[[ PROVIDED MATERIAL, beginning ]]

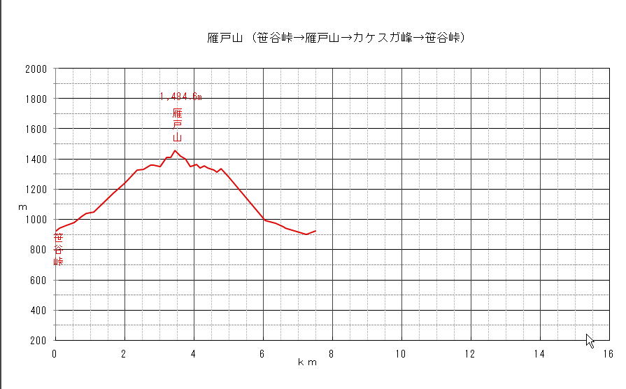 雁戸山(笹谷峠→雁戸山→カケスガ峰→笹谷峠)標高図
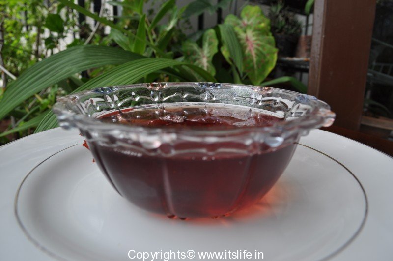 A syrup prepared using Rose petals. This syrup can be used as a spread, or make into a drink with water or milk.
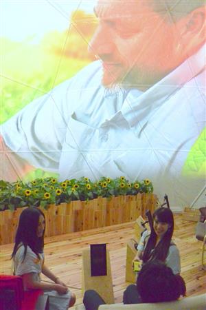 アメスピ ファームではタバコ農園が眼前に広がるタバコ農家のウッドデッキを再現。ドームの周りとスクリーンの前に置かれたヒマワリは害虫を駆除するテントウムシを集めるためのもの。同社の企業理念は「大地に責任を持つ」。有機栽培なのだ。
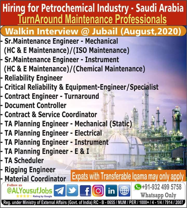 Engineer – Instrument (HC & E Maintenance) / (Chemical Maintenance) - Reliability

[[ PROVIDED MATERIAL, end ]]

▶ PROBLEM REQUIREMENTS
Take the data above and set it down exactly, images excluded.

▶ YOUR RESPONSE
 雁戸山(笹谷峠→雁戸山→カケスガ峰→笹谷峠)標高図
 A syrup prepared using Rose petals. This syrup can be used as a spread, or make into a drink with water or milk.
 アメスピ ファームではタバコ農園が眼前に広がるタバコ農家のウッドデッキを再現。ドームの周りとスクリーンの前に置かれたヒマワリは害虫を駆除するテントウムシを集めるためのもの。同社の企業理念は「大地に責任を持つ」。有機栽培なのだ。
 Engineer – Instrument (HC & E Maintenance) / (Chemical Maintenance) - Reliability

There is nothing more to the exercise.